As an input, I have a single tabular file with several column as given in this example:
col1 col2 col3
1 red dog
2 red cat
3 blue cat
4 blue dog
5 green dog
I would like to create a collection from this single tab file. The collection consist into single datasets created from the input and split according to common column value.
As an example for column 2, the collection will look like:
Have you tried using this tool? Split file to dataset collection (link at ORG).
You could pre-filter the input, or do more rearrangement with the other collection tools as needed, but I think this operation should be possible. You can put all of that into your workflow for reuse.

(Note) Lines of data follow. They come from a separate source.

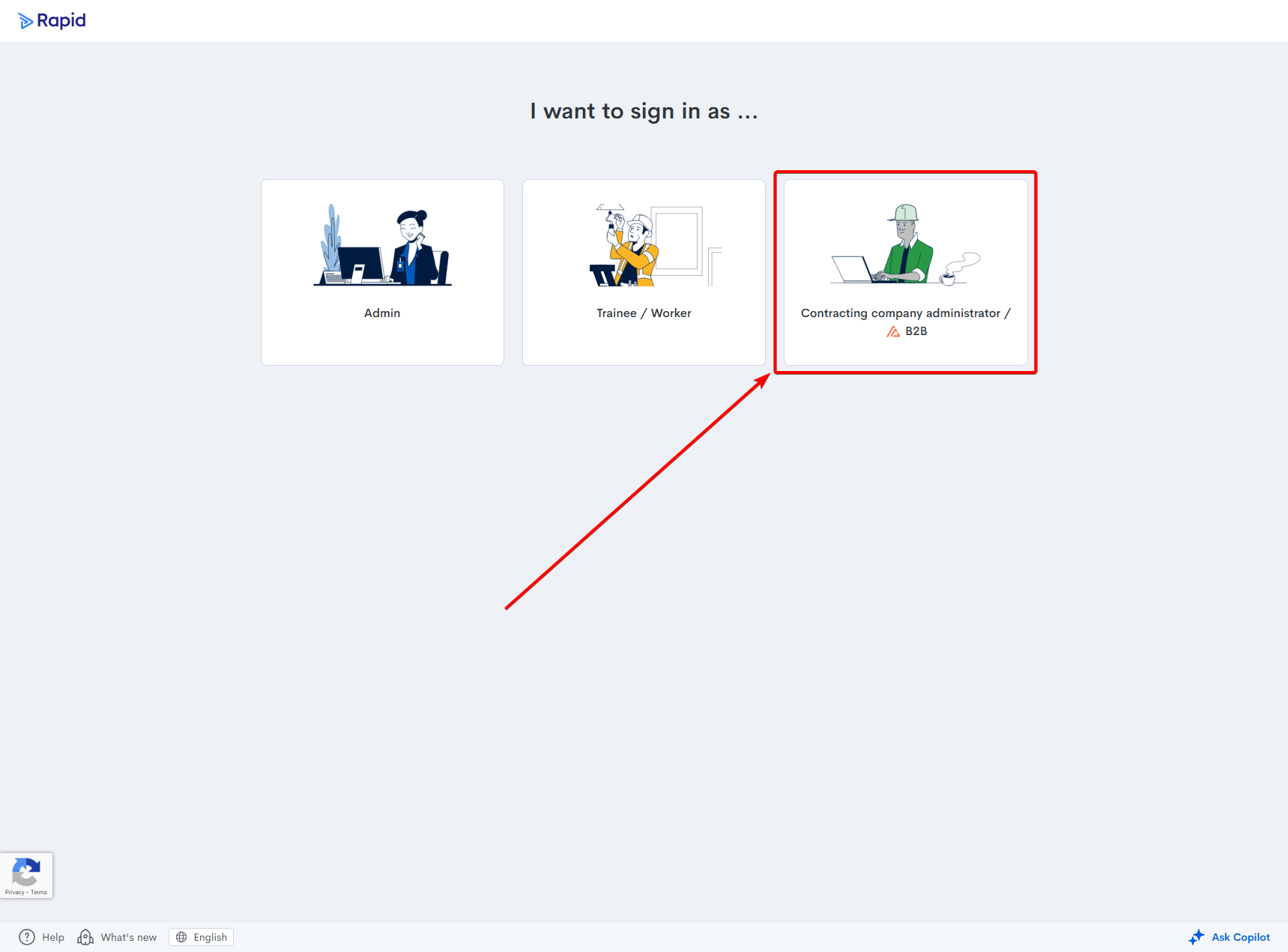 - Press the Contracting company administrator / B2B tile within the sign-in options: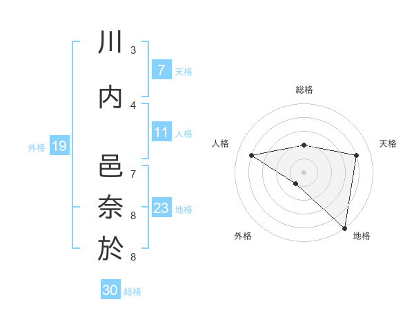川内 邑奈於さんの総格は30画の2点!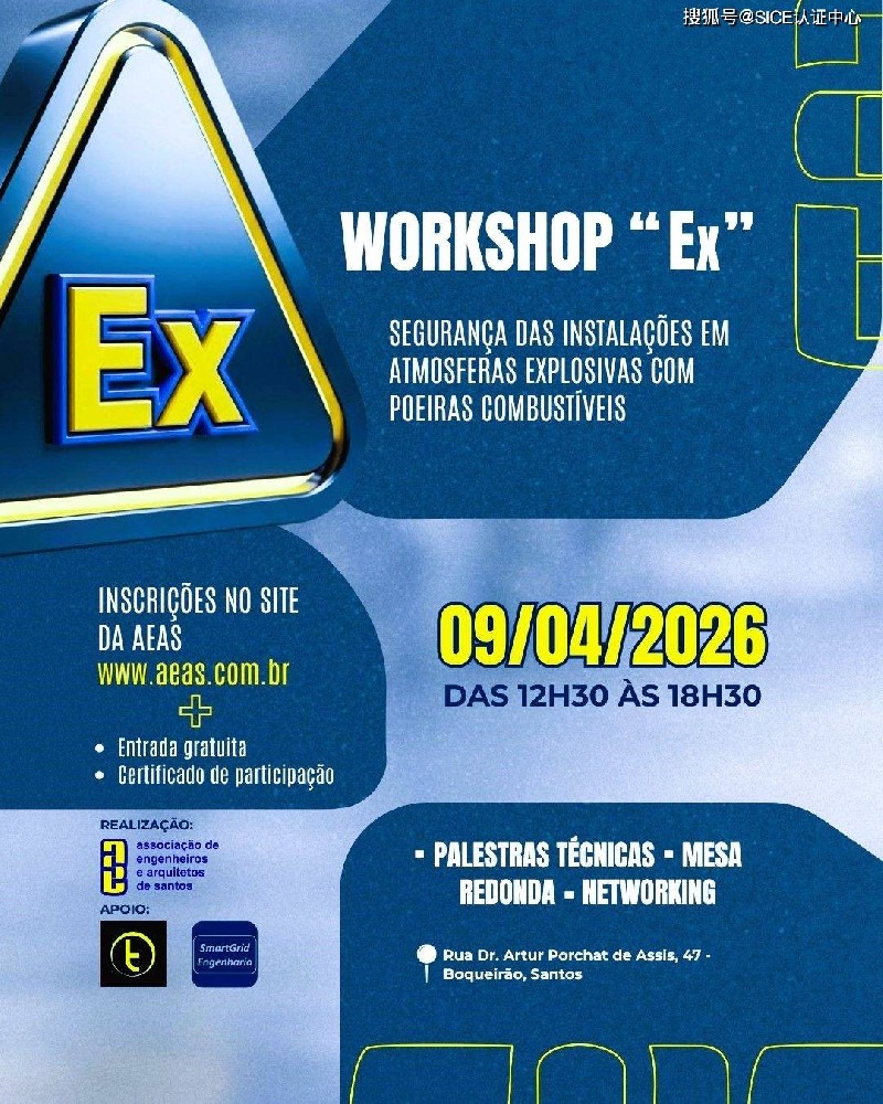 2026年4月9日,在 Associação de Engenheiros e Arquitetos de Santos (AEAS)举办“Ex”研讨会:在存在可燃尘埃的爆炸性环境中设施的安全。
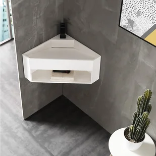 Narożna umywalka TWG70 z odlewu mineralnego Solid Stone - Matowa biel - Z praktycznym schowkiem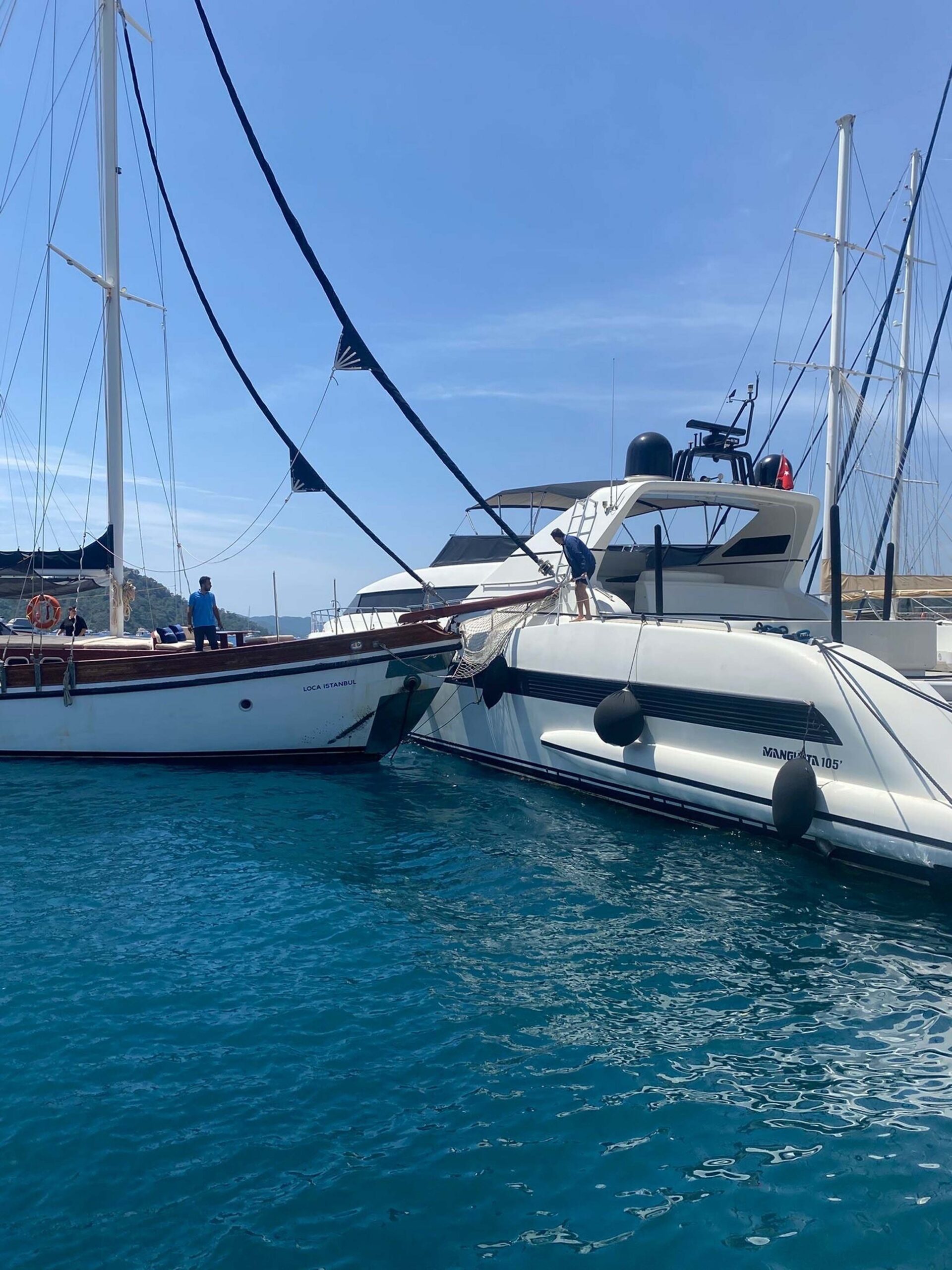 • Muğla'nın Fethiye ilçesinde marinaya yanaşmaya çalışan bir gulet lüks motoryata çarptı. Fotoğraf:Fethiye (Muğla),(DHA)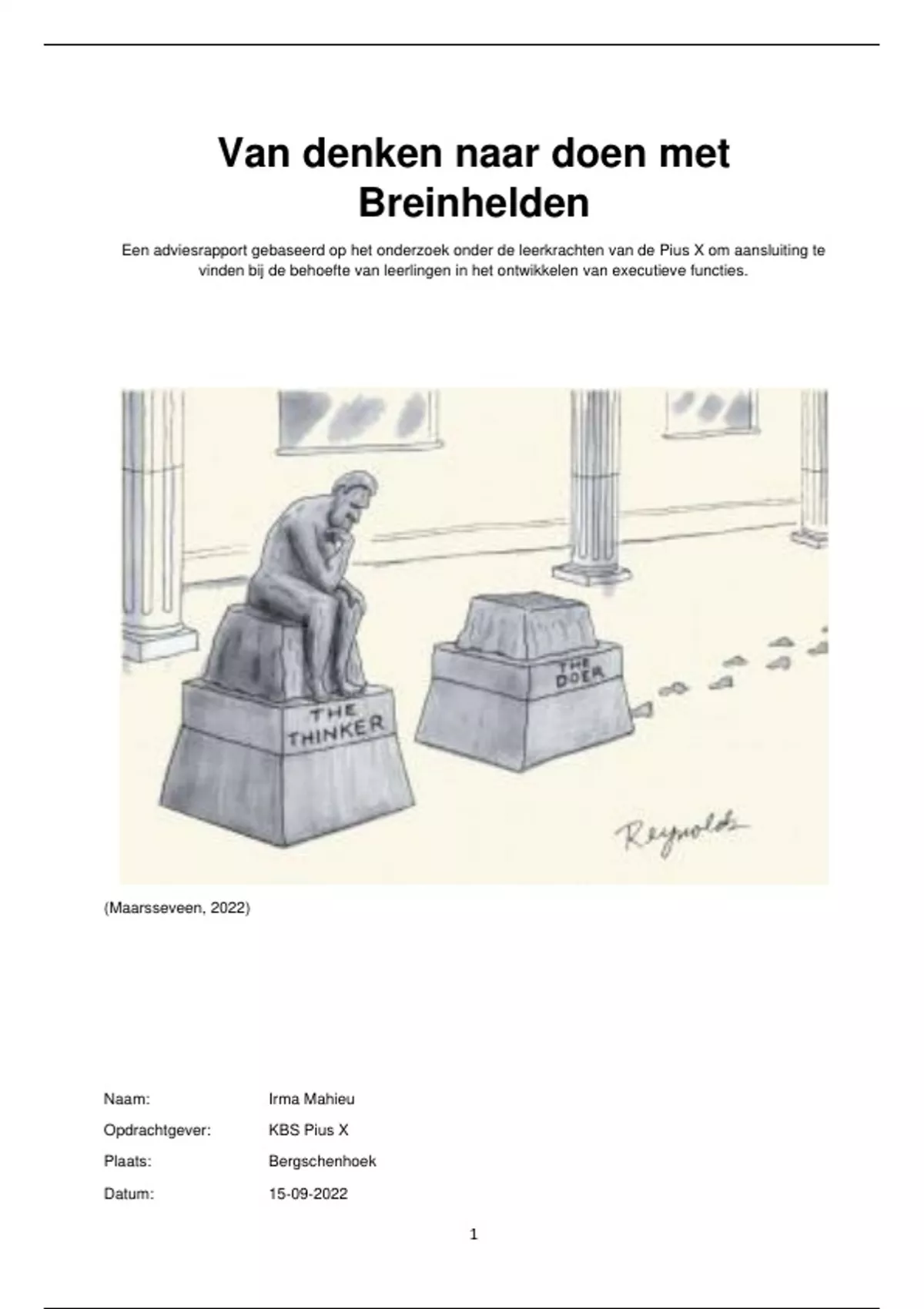 Voor u ligt het adviesrapport van denken naar doen met Breinhelden. Een onderzoek onder de leerkrachten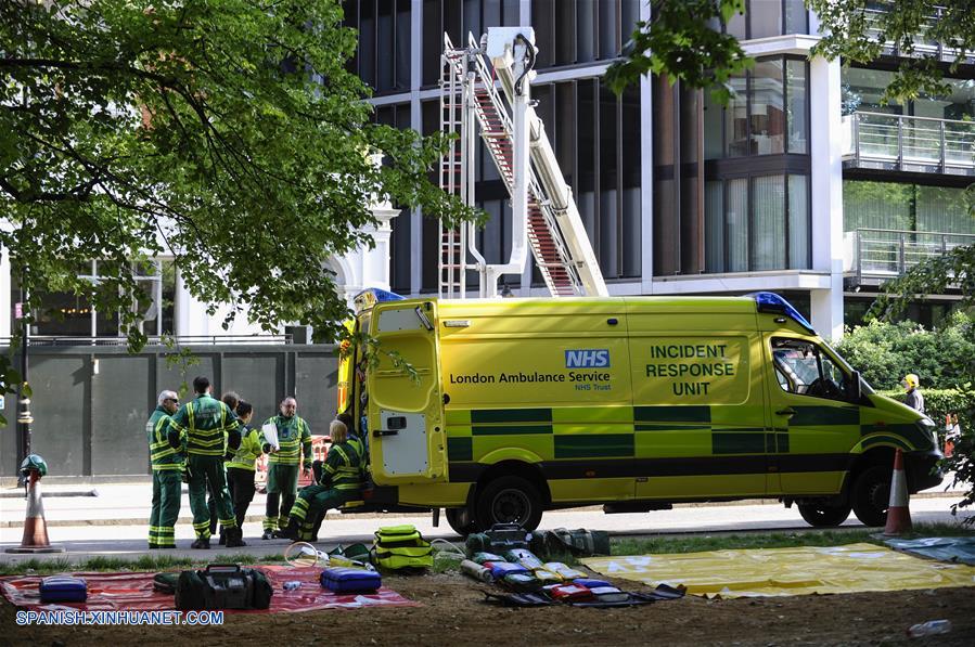 Empleados del SErvicio de Ambulancias de Londres, trabajan en la escena después de un incendio en el Mandarin Oriental Hotel, en Knightsbridge, Londres, Reino Unido, el 6 de junio de 2018. (Xinhua/Stephen Chung)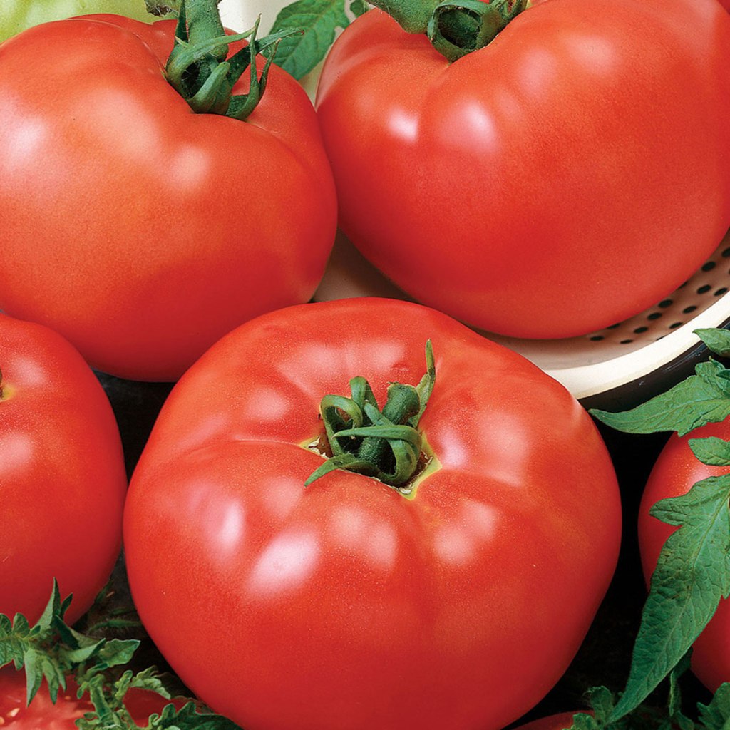 This globe shaped beefsteak tomato is firm and fleshy with a beautiful red color and dark green leaves A heavy producer. It offers great foliage protection against the summer sun. Superior disease resistance. Indeterminate, main season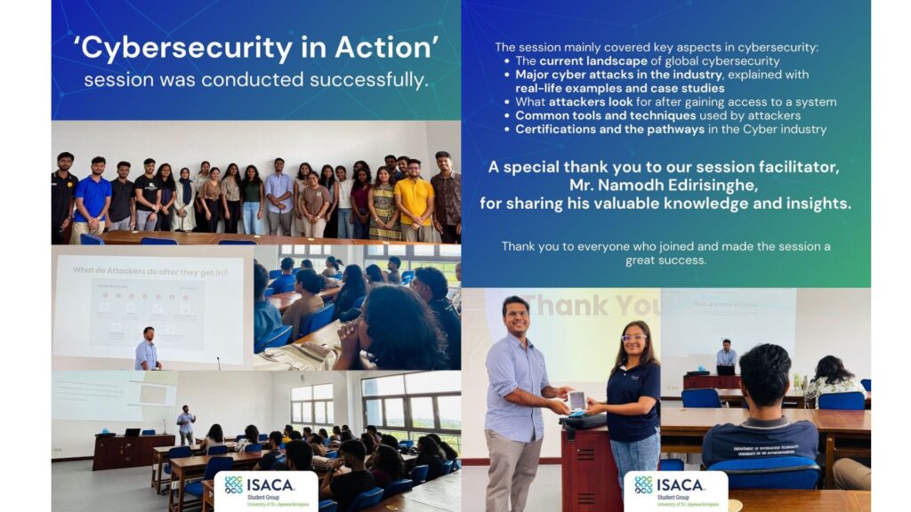 The ISACA Student Group (USJ ISG) successfully hosted the Cybersecurity in Action session on 2nd January 2026 at the Language Lab (E408), Faculty of Management Studies & Commerce. The session aimed to bridge the gap between classroom theory and real-world cybersecurity practices, giving students a unique opportunity to learn from industry experience.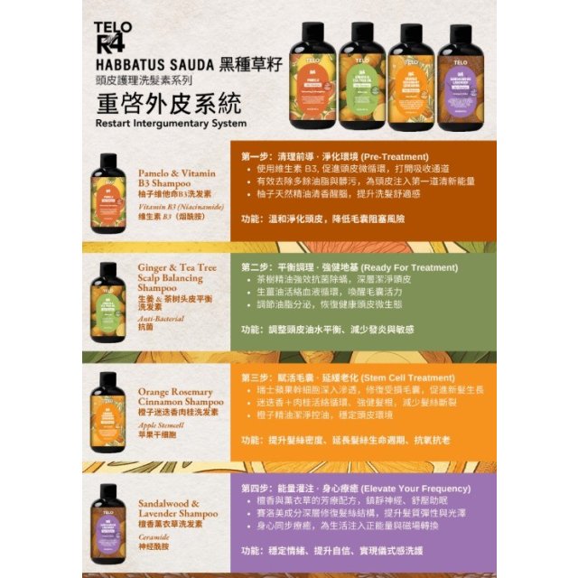 (1月3直播) 馬來西亞 Telo R4 全面頭皮護髮系列All in OneSET(共4款各一) 送旅行迷你裝一套(共4款各一)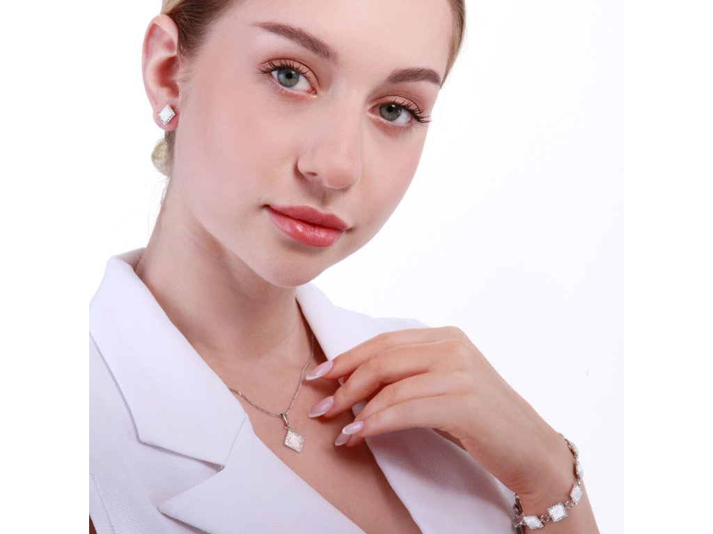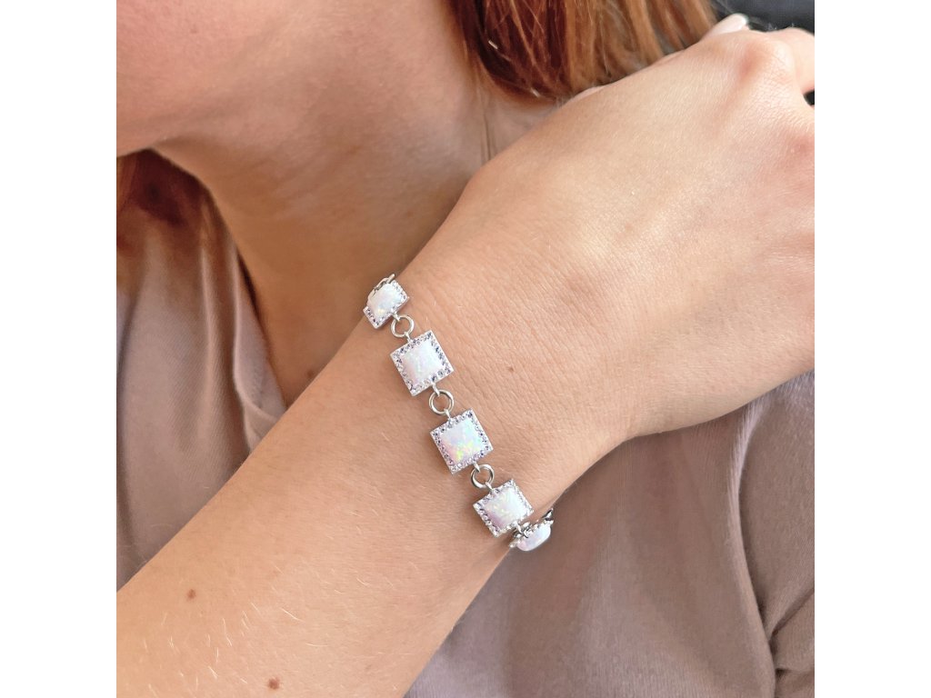 Stříbrný náramek se syntetickým opálem a krystaly Preciosa bílý čtverec 33047.1 white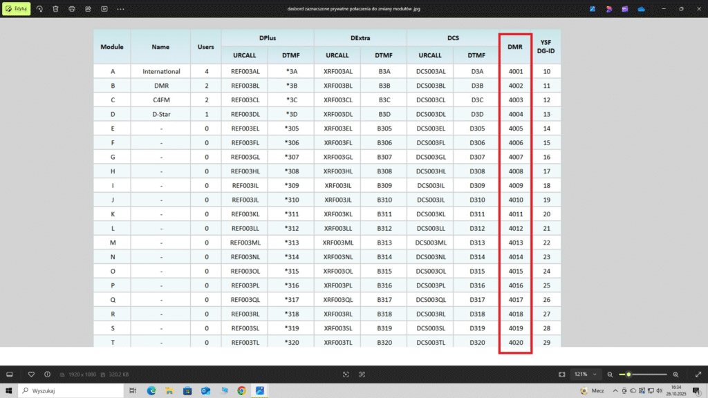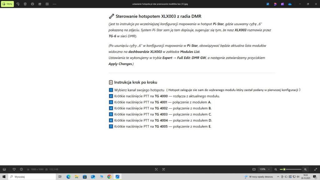 Chcę tak do formalności napisać żę polecenia w kierunku hotspota są to cyfry traktowane jako prywatne połączenie ,można do kontaktów w radio zrobić nazwę XLX003 np. moduł B i wpisać 4002 lub 64002 i potraktować to jako ID odbiorcy prywatnego i po naciśnięciu PTT na 2 s dany numer wydaje polecenie do pi-star aby przeskoczył na inne moduły . Działa to w obu konfiguracja bardzo dobrze ,ułatwia to operatorowi pracę i oszczędza czas ,przetestujcie panowie i dajcie znać .

We have some great guides about using data manipulation utilities. Most are the same as used command line, so searching the tool panel will find them, if that is something you are familiar with. If this is new to you, the tutorial guides can help you to get started.
The Split tool is included in several tutorials, too. Find those linked at the bottom of the tool form, also here → Split file: to dataset collection
You have a nice puzzle to solve but I think this is definitely possible! If you get stuck, you can share back the file, your workflow, and the history with the current outputs, and we can try to give some more specific tips.
Hi @jennaj,
thanks for your nice and comprehensive answer!
While searching for the split file to dataset collection, it actually appeared also the Split to Group tool which is exaclty doing what I need
Thank you for all the training matherial, I will troughly check it!